Johannes Banfi Hunyades never published anything during his lifetime, and his entire Nachlass consists of only a few inscriptions, letters and experimental notes surviving from his lifetime. The fact that, through the 20th-century, Anglophone and Hungarian scholars have been able to piece together the life of a relatively obscure Hungarian alchemist from contemporary comments, manuscript notes and municipal records has been described by Martyn Rady as "a comment on the extent of the archival and literary sources which survive [...] after almost three and a half centuries".
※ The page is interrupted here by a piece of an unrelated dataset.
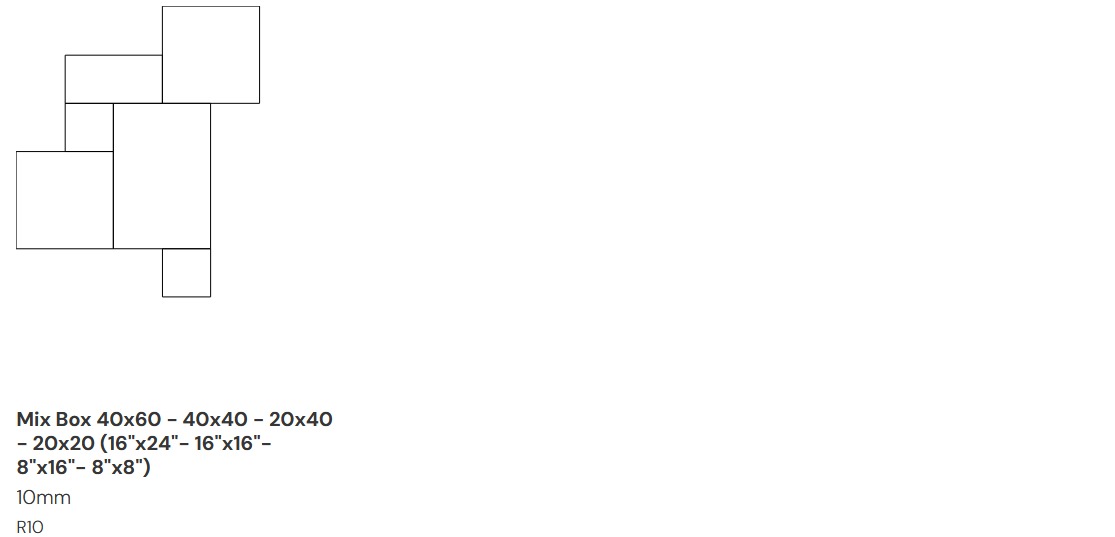 Mix Box – a curated set combining 40×60, 40×40, 20×40, and 20×20 tiles.

There are five extant contemporary portraits of Banfi Hunyades. Four of these portraits are contemporary engravings based on a lost painting of Jacob Peter Gowy, three by Wenceslaus Hollar, all dated to 1644, and one by William Marshall, dated 1646. The engraved portraits show Banfi Hunyades bearded and elderly, holding the glass vessel which he utilized in his mercurial experiments. The engraved portraits are all enclosed within a frame of alchemical quotations and biographical inscriptions on Banfi Hunyades, revealing his preoccupation with alchemy, mathematics and mercury as well as his birthplace of Nagybánya. Beneath the frame of the engravings is the monas sign, as described by John Dee in his Monas Hieroglyphica and each engraving is flanked by scientific instruments and alchemical symbols. The Hollar engravings with compass and protractor on the left and retort, alembic and curcubit on the right; the Marshall engraving supported by figures of Sol, Luna and Mercury. These engravings were the first evidence used by Josten and Taylor in their original biographical investigation into Banfi Hunyades.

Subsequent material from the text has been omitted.